- Task description: Could you return every record below word for word, leaving out the pictures?

- Information given:
Segment Open

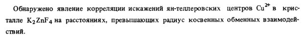 Обнаружено явление корреляции искажений ян-теллеровских центров Си в кристалле K2ZnF4 на расстояниях, превышающих радиус косвенных обменных взаимодействий.
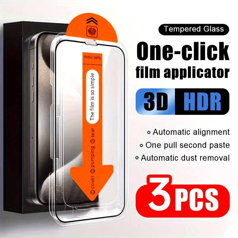 One-Click EZ Installation HD Clarity Tempered Glass Oleophobic Coating Screen Protector (3pcs)
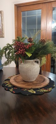 As soon as I saw this vase in store I fell in love with it! It seems very high end. I love the texture, and the color works well with any decor. The smaller opening at the top helps keep the stems together. I put a holiday arrangement in it for now, but I am excited to see what arrangements I can make for spring and summer! If you are on the fence, buy it! You won't be disappointed!
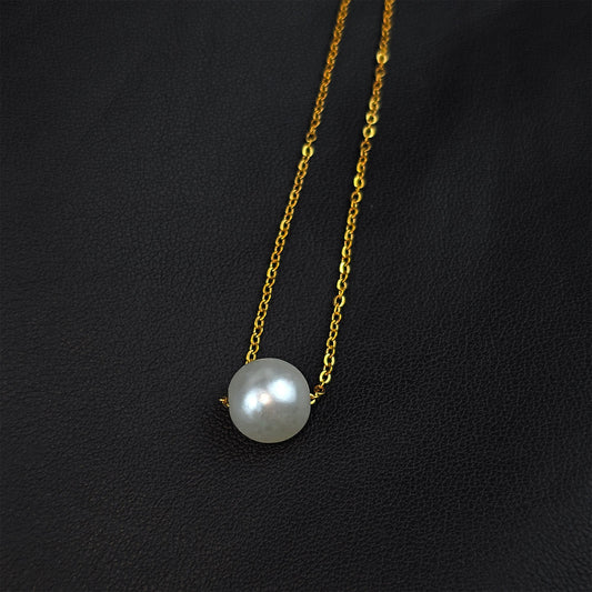 Stainless Steel Gold Tone PVD Chain Necklace Minimalist Pearl Pendant Necklace
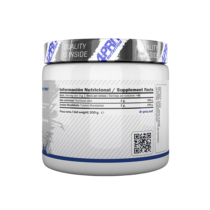 Creamax 200 Grms de 4-PRO es un suplemento de monohidrato de creatina. La creatina es un suplemento ampliamente conocido y utilizado. Su eficacia ha sido confirmada por numerosos estudios científicos.
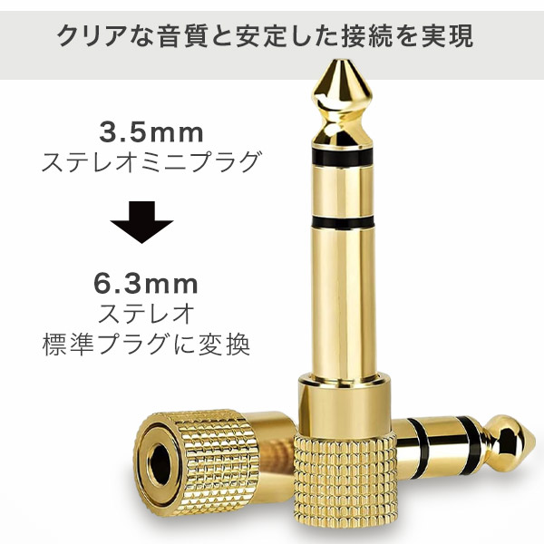 | 商品説明 | 音楽愛好家の皆さん、注目です! この小さな変換プラグが、あなたのオーディオ体験を一変させるかもしれません。 ステレオオーディオ変換プラグは、3.5mmステレオミニプラグを6.3mmステレオ標準プラグに変換する、まさに音楽の世界を繋ぐ架け橋。 高品質な金メッキ仕様により、クリアな音質と安定した接続を実現し、あなたの大切な音楽を忠実に再現します。 \ステレオオーディオ変換プラグのここがポイント/ ■高品質な音声伝送 金メッキ仕様により、クリアな音質と安定した接続を実現します。 ■幅広い互換性 3.5mmステレオミニプラグを6.3mmステレオ標準プラグに変換し、様々な機器で使用可能です。 ■耐久性と信頼性 高品質な素材と構造により、長期間の使用に耐える堅牢な設計です。 ■簡単な使用方法 プラグアンドプレイ方式で、特別な設定なしですぐに使用できます。 音楽の可能性を広げる、あなたの必須アイテムですね! 幅広い互換性も魅力の一つ。電子楽器やアンプ、様々なオーディオ機器との接続を可能にし、あなたの音楽の可能性を無限に広げます。 高品質な素材と堅牢な設計により、長期間の使用にも耐える信頼性も兼ね備えています。 使い方も簡単。プラグアンドプレイ方式なので、特別な設定は不要。接続するだけですぐに使用できます。 【スタッフVoice】 小さな部品が生み出す大きな可能性に驚き! このプラグ一つで、手持ちのヘッドフォンを様々な機器で使用できるようになりました。特に電子楽器との相性が抜群で、練習や録音の幅が一気に広がりました。音質の劣化もなく、まるで魔法のようなアイテムです。音楽を愛する全ての人にオススメしたい一品です! ・3.5mmステレオミニプラグを6.3mmステレオ標準プラグに変換します。 ・片側:ステレオミニ3.5mm(メス) ・片側:標準プラグ6.3mm(オス) ・ハイグレード金メッキ仕様 【商品特徴・キーワード】 ステレオ変換プラグ 3.5mm to 6.3mm アダプター ヘッドホン変換コネクター オーディオ変換アダプター 金メッキ変換プラグ 電子楽器用アダプター 【注意事項】 ※本商品には説明書が付属しておりません。使用方法に関しては商品ページをご参照ください。 ※商品画像はご覧になっているモニターやPCなどの環境、解像度により、実物と多少カラーが異なる場合がございます。色味やサイズが異なるなどのクレームはご対応致しかねますので、予めご了承ください。 ※輸送中に外装に傷やへこみが起こる場合がございますが、商品に影響はございませんので、予めご了承のもとお買い求めください。 ※本商品は海外からの輸入品ですので、細かい傷や汚れなどある場合がございます。予めご了承のもとお買い求めください。 ※こちらの商品は安価にご提供するため、簡易包装、簡易パッケージとなっております。 ※製造時期によって一部デザインが変更になる場合がございます。予めご了承のもとお買い求めください。 ※本商品に傷、歪み、破損などがあった場合には怪我、事故の恐れがありますので、直ちに使用を中止し破棄してください。 ※本商品を使用した事による、直接もしくは間接的に生じた損害、事故、怪我、故障について当店は一切の責任を負いません。 ※本商品は小さな部品を使用しております。誤飲等の危険性があるため、お子様がご利用になる場合は大人の方と一緒にご使用頂き、お子様の手の届かない場所で保管してください。 ※ステレオ(3極)機器用です。モノラル2極及びステレオ4極には対応しておりません。 ※スマートフォンの接続には対応しません。 ※iphone純正のイヤホンにはご利用になれません。 ※本商品はすべての環境、機器との接続を保証するものではございません。一部のBluetooth機器では環境、相性等により接続できない場合がございます。予めご了承ください。 |
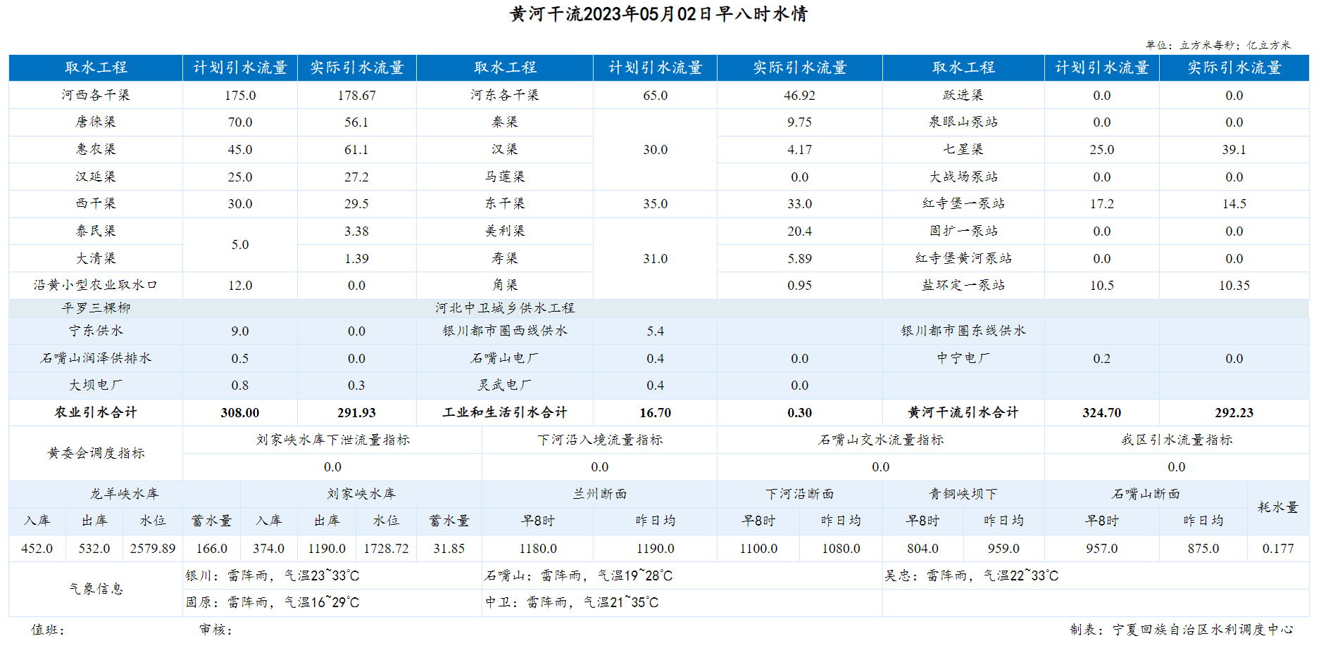 【黄河水情】5月2日,下河沿早8时流量1100.00m³/s
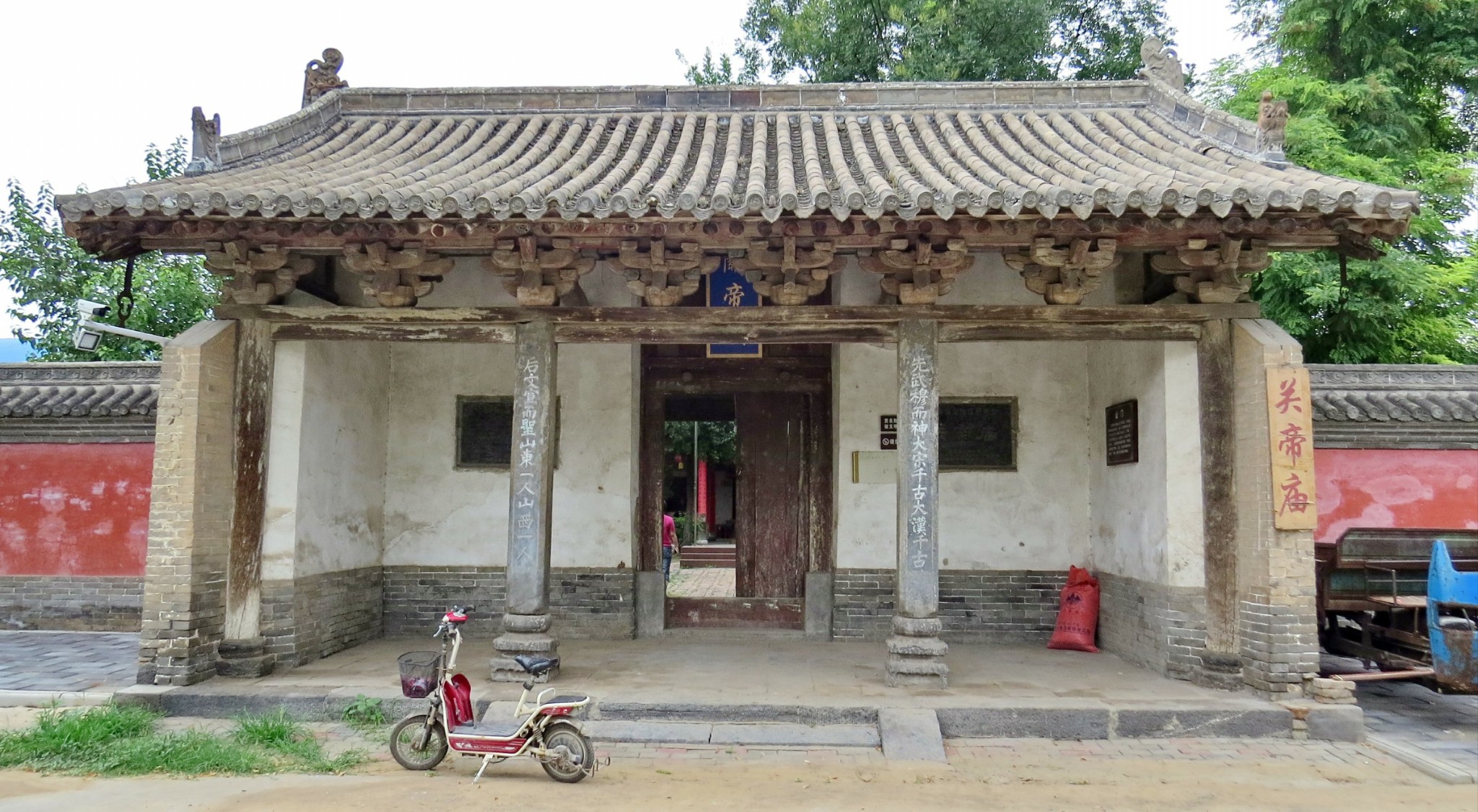 门前楹联题记,将关羽和岳飞孔子相提:先武穆而神,大宋千古大汉千古后文宣而圣,山东一人山西一人
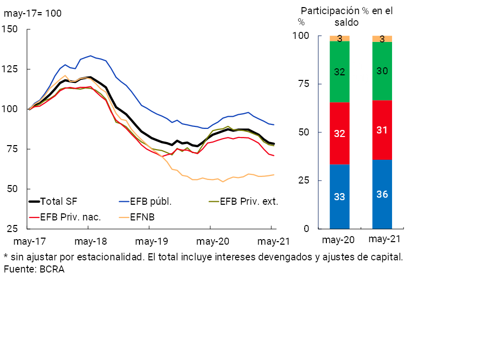 En mayo la actividad de intermediación financiera con el sector privado en moneda nacional mostró un desempeño débil. Esto se produjo en un marco en el que aún se observan los efectos del contexto de pandemia, que llevó a la adopción de medidas focalizadas y transitorias para evitar consecuencias irreversibles para la salud pública1, con efectos sobre la movilidad de la ciudadanía y sobre la actividad económica. Teniendo en cuenta las principales variaciones del balance del sistema financiero en moneda homogénea sobre las partidas en pesos2, durante mayo se redujo en cierta medida el saldo de crédito al sector privado y se incrementaron los depósitos del sector público. Estos movimientos se dieron en un escenario de incremento de la liquidez en sentido amplio del agregado del sistema financiero. Por su parte, considerando las principales variaciones del balance agregado para el segmento de partidas en moneda extranjera —expresadas en moneda de origen—, en mayo se verificó una caída de la liquidez y un aumento de los depósitos del sector privado, que se aplicaron fundamentalmente a incrementar las financiaciones al sector privado en esta denominación.

Segment Closed

- Solution to the problem:
 Обнаружено явление корреляции искажений ян-теллеровских центров Си в кристалле K2ZnF4 на расстояниях, превышающих радиус косвенных обменных взаимодействий.
 One-Click EZ Installation HD Clarity Tempered Glass Oleophobic Coating Screen Protector (3pcs)
 As soon as I saw this vase in store I fell in love with it! It seems very high end. I love the texture, and the color works well with any decor. The smaller opening at the top helps keep the stems together. I put a holiday arrangement in it for now, but I am excited to see what arrangements I can make for spring and summer! If you are on the fence, buy it! You won't be disappointed!
 Stainless Steel Gold Tone PVD Chain Necklace Minimalist Pearl Pendant Necklace
 Creamax 200 Grms de 4-PRO es un suplemento de monohidrato de creatina. La creatina es un suplemento ampliamente conocido y utilizado. Su eficacia ha sido confirmada por numerosos estudios científicos.
 | 商品説明 | 音楽愛好家の皆さん、注目です! この小さな変換プラグが、あなたのオーディオ体験を一変させるかもしれません。 ステレオオーディオ変換プラグは、3.5mmステレオミニプラグを6.3mmステレオ標準プラグに変換する、まさに音楽の世界を繋ぐ架け橋。 高品質な金メッキ仕様により、クリアな音質と安定した接続を実現し、あなたの大切な音楽を忠実に再現します。 \ステレオオーディオ変換プラグのここがポイント/ ■高品質な音声伝送 金メッキ仕様により、クリアな音質と安定した接続を実現します。 ■幅広い互換性 3.5mmステレオミニプラグを6.3mmステレオ標準プラグに変換し、様々な機器で使用可能です。 ■耐久性と信頼性 高品質な素材と構造により、長期間の使用に耐える堅牢な設計です。 ■簡単な使用方法 プラグアンドプレイ方式で、特別な設定なしですぐに使用できます。 音楽の可能性を広げる、あなたの必須アイテムですね! 幅広い互換性も魅力の一つ。電子楽器やアンプ、様々なオーディオ機器との接続を可能にし、あなたの音楽の可能性を無限に広げます。 高品質な素材と堅牢な設計により、長期間の使用にも耐える信頼性も兼ね備えています。 使い方も簡単。プラグアンドプレイ方式なので、特別な設定は不要。接続するだけですぐに使用できます。 【スタッフVoice】 小さな部品が生み出す大きな可能性に驚き! このプラグ一つで、手持ちのヘッドフォンを様々な機器で使用できるようになりました。特に電子楽器との相性が抜群で、練習や録音の幅が一気に広がりました。音質の劣化もなく、まるで魔法のようなアイテムです。音楽を愛する全ての人にオススメしたい一品です! ・3.5mmステレオミニプラグを6.3mmステレオ標準プラグに変換します。 ・片側:ステレオミニ3.5mm(メス) ・片側:標準プラグ6.3mm(オス) ・ハイグレード金メッキ仕様 【商品特徴・キーワード】 ステレオ変換プラグ 3.5mm to 6.3mm アダプター ヘッドホン変換コネクター オーディオ変換アダプター 金メッキ変換プラグ 電子楽器用アダプター 【注意事項】 ※本商品には説明書が付属しておりません。使用方法に関しては商品ページをご参照ください。 ※商品画像はご覧になっているモニターやPCなどの環境、解像度により、実物と多少カラーが異なる場合がございます。色味やサイズが異なるなどのクレームはご対応致しかねますので、予めご了承ください。 ※輸送中に外装に傷やへこみが起こる場合がございますが、商品に影響はございませんので、予めご了承のもとお買い求めください。 ※本商品は海外からの輸入品ですので、細かい傷や汚れなどある場合がございます。予めご了承のもとお買い求めください。 ※こちらの商品は安価にご提供するため、簡易包装、簡易パッケージとなっております。 ※製造時期によって一部デザインが変更になる場合がございます。予めご了承のもとお買い求めください。 ※本商品に傷、歪み、破損などがあった場合には怪我、事故の恐れがありますので、直ちに使用を中止し破棄してください。 ※本商品を使用した事による、直接もしくは間接的に生じた損害、事故、怪我、故障について当店は一切の責任を負いません。 ※本商品は小さな部品を使用しております。誤飲等の危険性があるため、お子様がご利用になる場合は大人の方と一緒にご使用頂き、お子様の手の届かない場所で保管してください。 ※ステレオ(3極)機器用です。モノラル2極及びステレオ4極には対応しておりません。 ※スマートフォンの接続には対応しません。 ※iphone純正のイヤホンにはご利用になれません。 ※本商品はすべての環境、機器との接続を保証するものではございません。一部のBluetooth機器では環境、相性等により接続できない場合がございます。予めご了承ください。 |
 【黄河水情】5月2日,下河沿早8时流量1100.00m³/s
 门前楹联题记,将关羽和岳飞孔子相提:先武穆而神,大宋千古大汉千古后文宣而圣,山东一人山西一人
 En mayo la actividad de intermediación financiera con el sector privado en moneda nacional mostró un desempeño débil. Esto se produjo en un marco en el que aún se observan los efectos del contexto de pandemia, que llevó a la adopción de medidas focalizadas y transitorias para evitar consecuencias irreversibles para la salud pública1, con efectos sobre la movilidad de la ciudadanía y sobre la actividad económica. Teniendo en cuenta las principales variaciones del balance del sistema financiero en moneda homogénea sobre las partidas en pesos2, durante mayo se redujo en cierta medida el saldo de crédito al sector privado y se incrementaron los depósitos del sector público. Estos movimientos se dieron en un escenario de incremento de la liquidez en sentido amplio del agregado del sistema financiero. Por su parte, considerando las principales variaciones del balance agregado para el segmento de partidas en moneda extranjera —expresadas en moneda de origen—, en mayo se verificó una caída de la liquidez y un aumento de los depósitos del sector privado, que se aplicaron fundamentalmente a incrementar las financiaciones al sector privado en esta denominación.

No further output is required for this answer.